The alleged victim, instead of leaving the investigation to the officer in charge of the matter, obtained a statement from his friend, one of the serving police officers. You only have to take one look at the statement to see that it bore a striking resemblance to the way in which the victim’s second statement was set out. Whether there was some complicity in the preparation of the statements or not, it looked suspicious.
To the credit of the investigating officer, he took statements from witnesses who clearly supported the accused and indicated that the accused acted in self-defence, having been first slapped hard by the alleged victim. A consistent theme throughout the majority of statements was that the accused said to the victim as he left, “watch the video”. CCTV cameras were set up in the premises. Mysteriously perhaps, they failed to capture the incident. The accused was obviously confident that the footage would back up what he claimed had occurred.
Defended Hearing and Costs Application
It would be fair to say that none of the witnesses affiliated with the victim fared well in cross examination. Some did not fare well in giving their evidence in chief. The accused gave evidence about being assaulted by the victim and punching him in self-defence. He raised this with the investigating police when they first spoke with him. Once self-defence is raised (section 418 Crimes Act), the onus is on the prosecution to establish that the accused did not believe on reasonable grounds that it was necessary to do what he did, or that his actions were not reasonable in the circumstances perceived by the accused.

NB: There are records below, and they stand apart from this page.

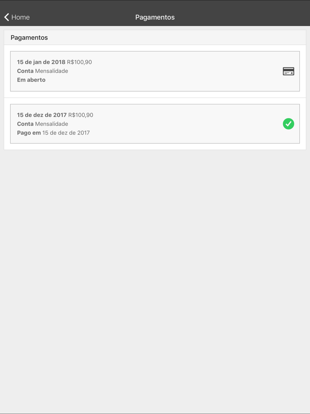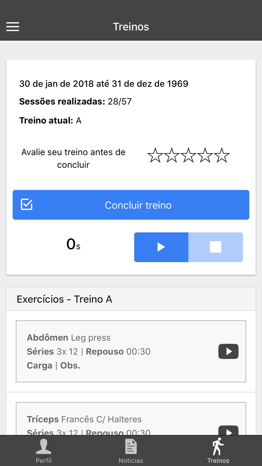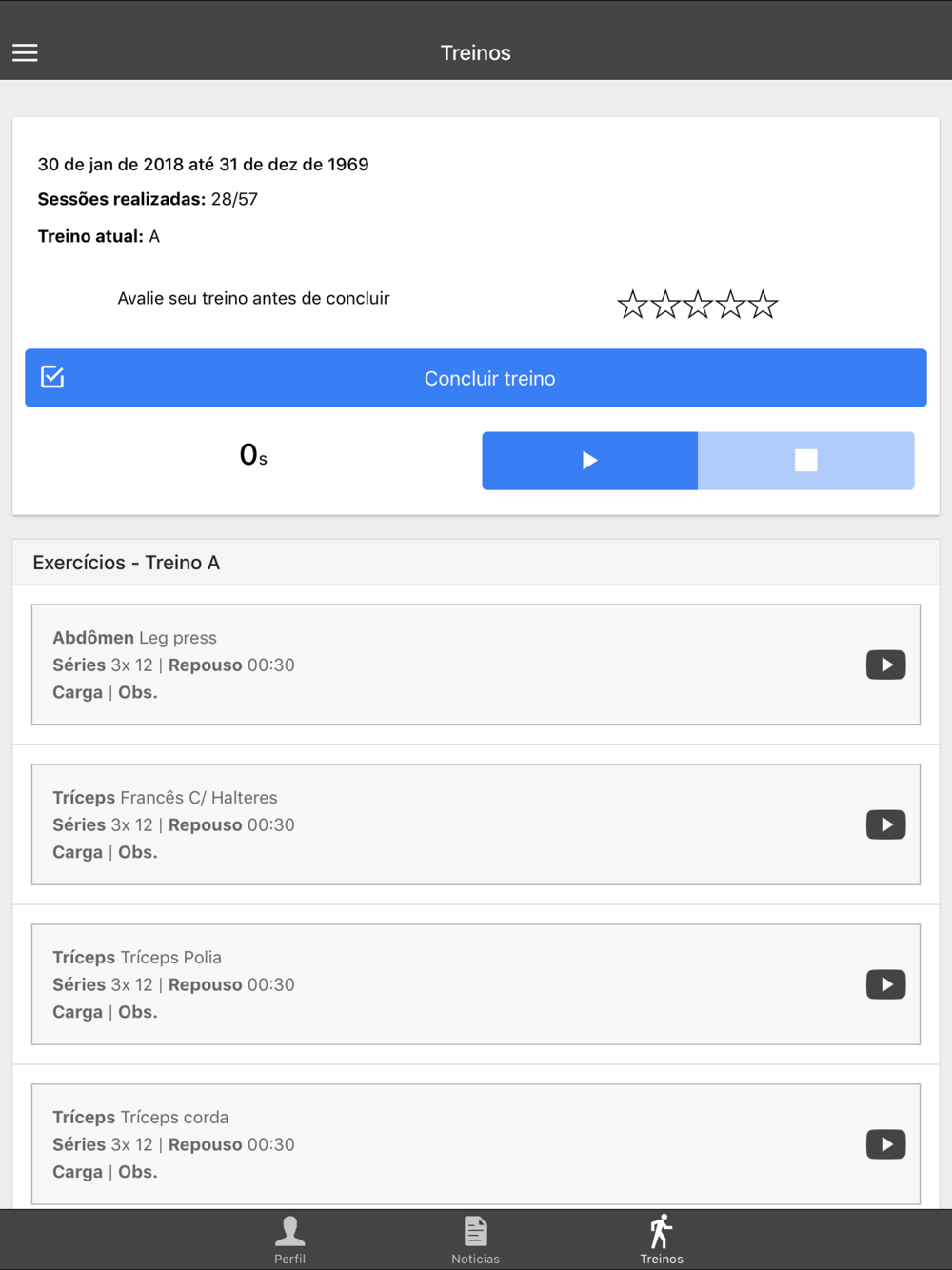 Consulta de treinos, pagamentos, notícias, avaliações físicas.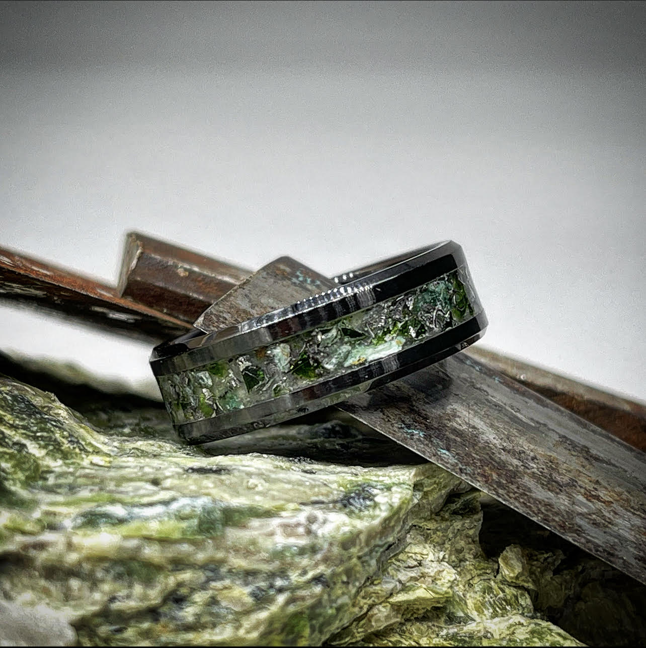 This exquisite ring named "The Aizu" contains a captivating blend of stunning gemstone fragments, rich in history and craftsmanship. The design features a harmonious combination of vibrant jade, emerald, and green goldstone, enhanced by generous amounts of authentic samurai sword shavings, dating back to the Meiji Period of the 1900s, forged in Aizuwakamatsu, Japan. To elevate its allure, each ring is accented with a soft green glow (optional), adding a magical touch to this unique piece.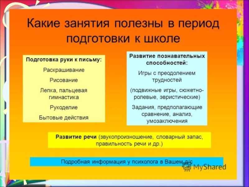 предмета. Оно является основой мышления и практической деятельности как взрослого человека, так и ребенка, основой ориентации человека в окружающем мире, в обществе. образа предмета. Восприятие ребенка дошкольного возраста носит непроизвольный характер. Дети не умеют управлять своим восприятием, не могут самостоятельно анализировать тот или иной предмет. В предметах дошкольники замечают не главные признаки, не самое важное и существенное, а то, что ярко выделяет их на фоне других предметов : окраску, величину, форму.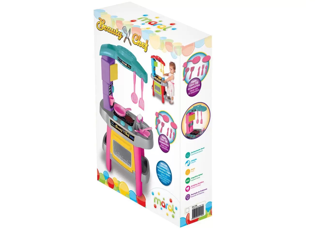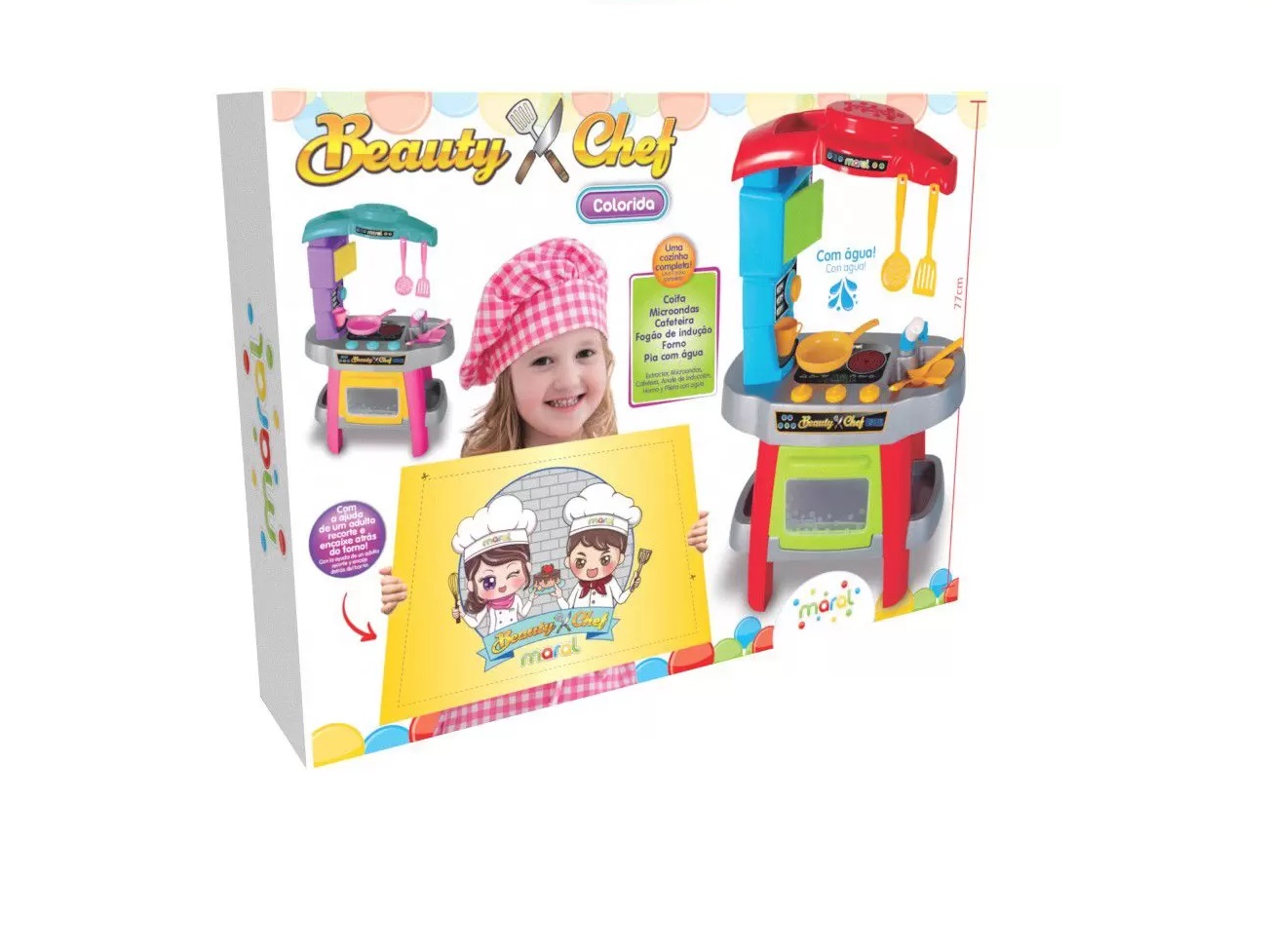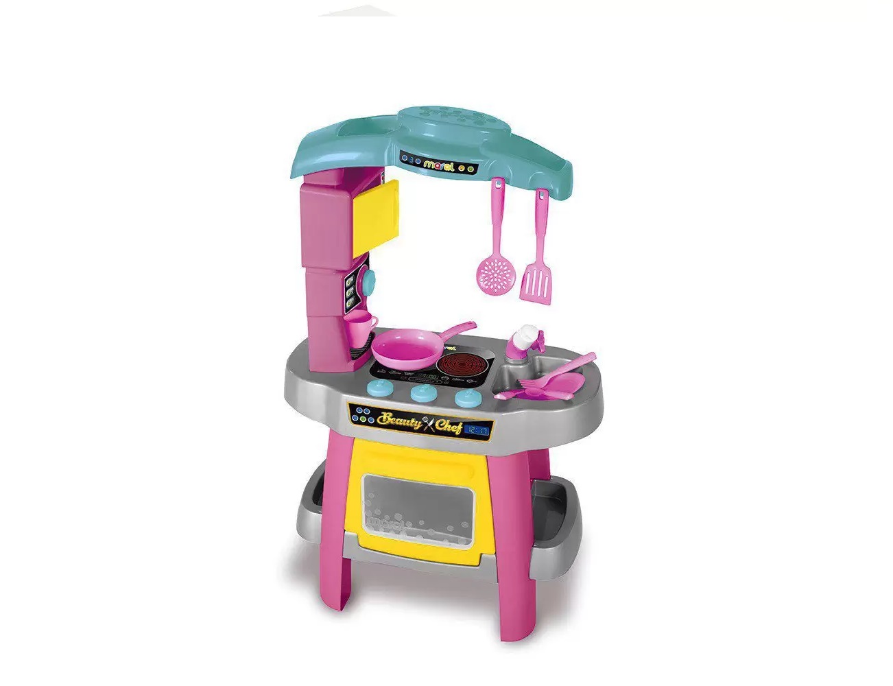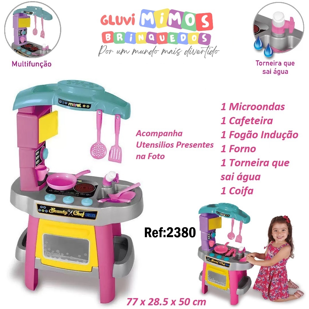 Com a encantadora cozinha Beauty Chef, as crianças podem aperfeiçoar suas habilidades culinárias, e preparar deliciosas receitas para toda a família. Enquanto a mamãe ou o papai cozinham de verdade, os filhos exploram o faz de conta criando suas próprias receitas, aguçando assim a imaginação e criatividade.
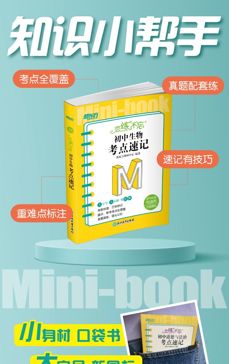 【新东方】恋练不忘 初中生物+地理 共2本 考点速记 中考生物 生物随身记背诵口袋书 中考复习 初一初二初三 背诵技巧记忆法 新东方

The magistrate dismissed the charge. A costs application was successfully made, and the NSW Police Service were ordered to pay for the legal costs of the accused.
Why Nyman Gibson Miralis?
The benefit of having an experienced accredited criminal law specialist acting for you in criminal charges or police matters cannot be underestimated. A substantial amount of preparation was needed to ready the case for hearing. It included issuing subpoenas, interviewing potential witnesses and keeping the client informed at all times about the state of the case, with an optimistic view of defending the matter. In fact, we were that optimistic that we turned up to the hearing with our costs application submissions already completed based on the weaknesses in the police brief of evidence (BOE), needing only to add submissions about the poor state of the evidence.
The client not only won his case, he avoided any possibility of a civil claim or victims compensation claim being made by the alleged victim. He also had his legal costs repaid by those that laid the charges in the first place.